Я зашел в большую, освещенную неоном лавку. Резиновая деваха Рита, из тех, что никогда не скажут «нет». Женщина в маске, не дающая разжиреть разгуливающему по городу франту, напялившему котелок.
— Я научу тебя вежливости, — обещает она. И это не пустые слова.
— О, нет, — отзывается франт. — Только не это, прошу, не надо. Или надо?
Шлепок вроде этого согрел бы меня, думал я, бредя берегом Темзы в направлении своей холостяцкой норы. По пути домой я вспоминал всех поросших дерном моих собратьев-земляков. Теперь-то они поняли небось, что я не вернусь обратно на мою пуховую перину. И великий ужас разлился по родному краю. Эти безмозглые бедолаги понятия не имеют, для чего мне на самом деле вздумалось наведаться в Лондон. Меня пробирала радостная дрожь, когда я представлял у себя в голове примерно такой репортаж: «Лондонское задание. Министр Британского кабинета застрелен наповал террористом из ИРА. Осуществить этот дерзкий теракт было крайне сложно, одно неверное движение могло привести к гибели террориста прежде, чем он попадет в цель». Я ласково погладил рукоятку моего «смита и вессона 686», четыре дюйма; он такой ухватистый, так уютненько покоится на дне кармана моей куртки — новехонькой курточки из мягкой черной кожи. Стандартное облачение для террориста, спору нет, но удобно и, как-никак, стильно. Именно так одевался обеспеченный средствами волонтер осенью в середине 70-х.

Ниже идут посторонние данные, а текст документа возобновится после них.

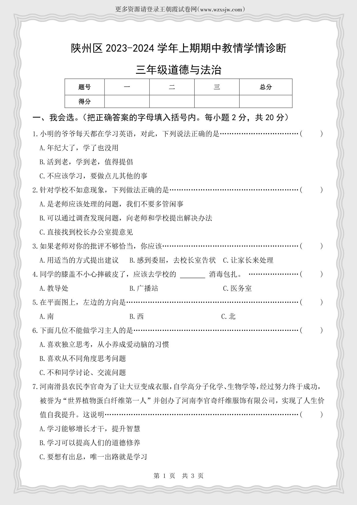 河南省三门峡市陕州区2023-2024学年上学期期中教情学情诊断试卷三年级道德与法治(人教版)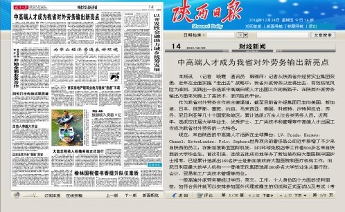 現(xiàn)在,來自陜西的中高端人才活躍在全球舞臺:LV、Prada、Hermes、Chanel、EsteeLauder、Polo、Sephora世界頂尖的奢侈品公司近年新增了不少來自陜西的員工;在新加坡彰宜國際機場、DFS環(huán)球免稅店等工作著500多名來自陜西的大學畢業(yè)生。首次引進、連續(xù)五批成功地舉辦了新加坡政府大型醫(yī)院中國護士招考,已經累計選派出160名護士赴新加坡政府大型醫(yī)院和醫(yī)療機構工作;向尼日利亞最大的華人機構——香港李氏集團選派260多名大學畢業(yè)生從事行政、會計、貿易和工廠類技術管理等崗位。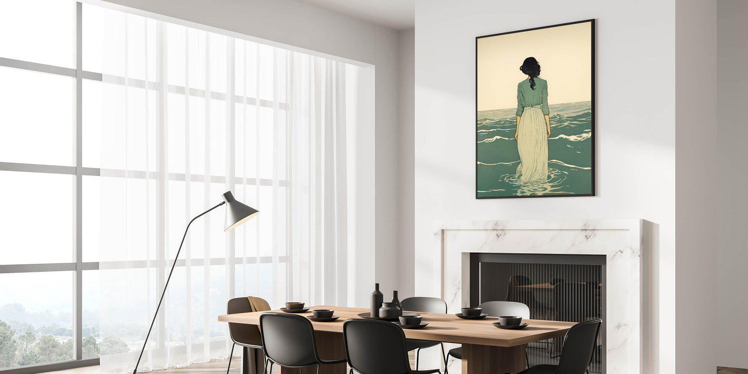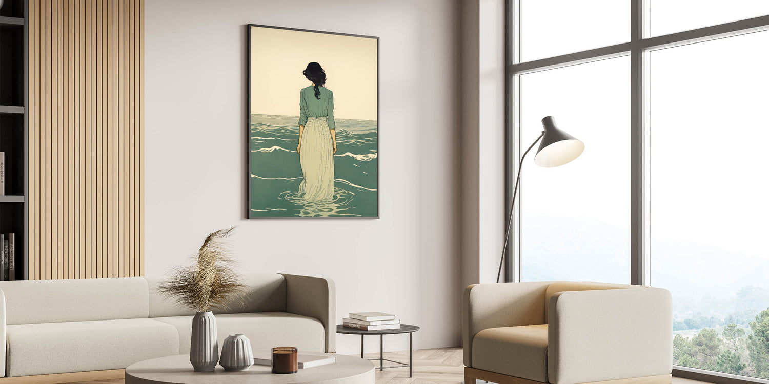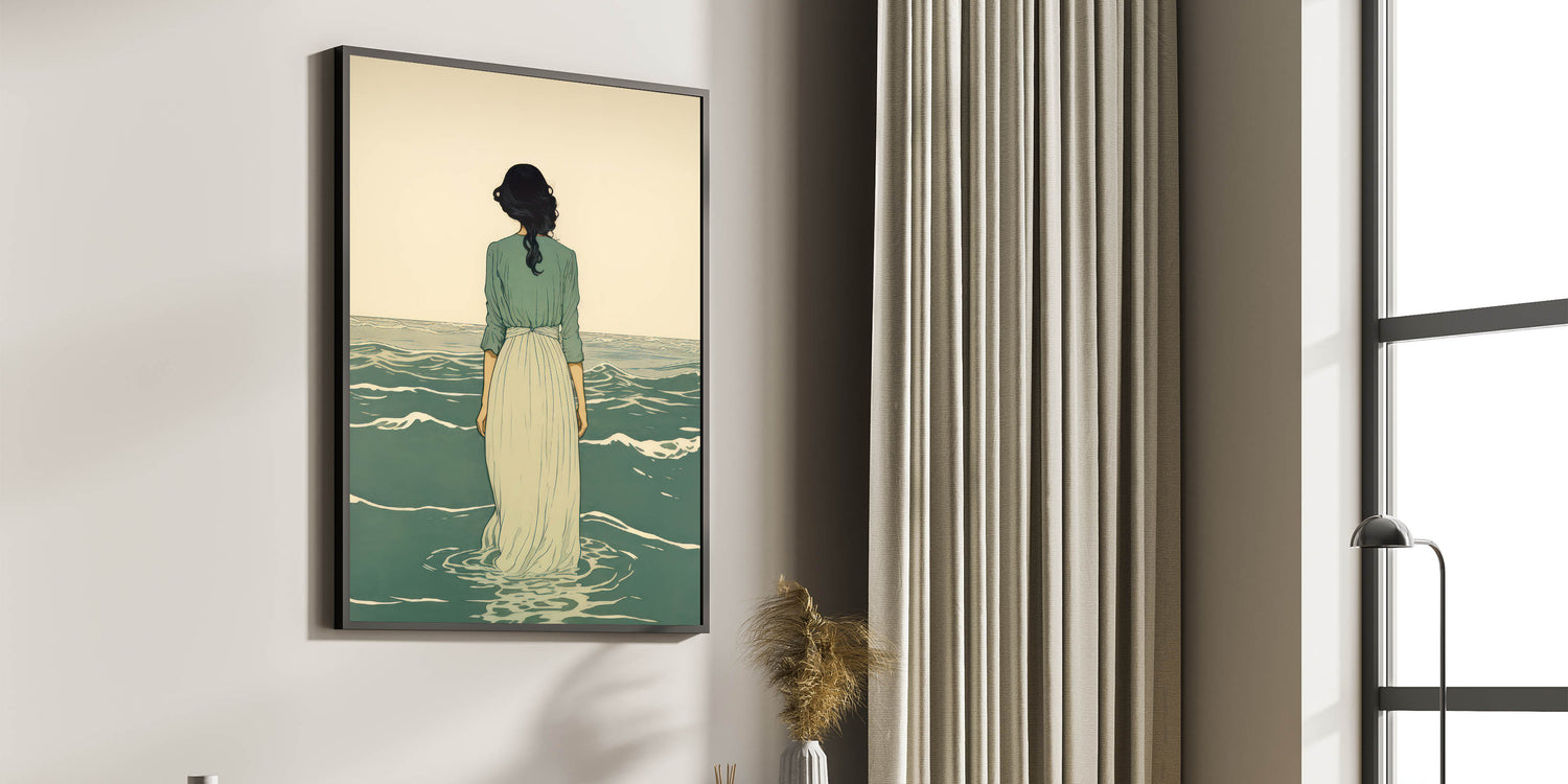 Immerse yourself in the tranquil beauty of this electric wall art, depicting a serene moment of a woman standing by the sea. The minimalist lines and soothing green and beige tones create a calming atmosphere, making this piece a perfect fit for those who love coastal-inspired decor. This unique electric artwork captures the essence of solitude and reflection, blending modern aesthetics with a timeless, peaceful scene.

— Выйти из машины, — услышал я свои слова. — Этот драндулет реквизирован для нужд Ирландской Республиканской Армии. Меня называют Эммет — раз и готово, приятель. Ибо мне всегда хватает одного выстрела.
Огромная полная луна разбухла в небе над газовой станцией. Она смахивала на лучший в мире шар для полетов в стратосферу. Старикан знал песенку о луне. Я хорошо ее помнил, там есть такие слова: «Луна над спелыми хлебами. Видишь, Молли?» Я как-то слышал, как он пел эту песню пожилой даме, ночью на кухне вскоре после Рождества, давным-давно. Или мне так показалось. Затем я уснул, как следует, натянув на себя свою отменную курточку.
А потом я укатил. На поезде. Чух-чух-чух, до самого Эпсома в Сэррее. Ну и пристанище там у меня оказалось! Клуб для отставной козы барабанщиков, честное слово. Сколько бы вы там насчитали усов, как у Джимми Эдвардса? Я так насчитал семнадцать. Большущие растения в горшках и женщины-вамп. Эпсомская Ассоциация Мертвецкая Заря. Сидят себе и чешут языками о подагре и бегониях.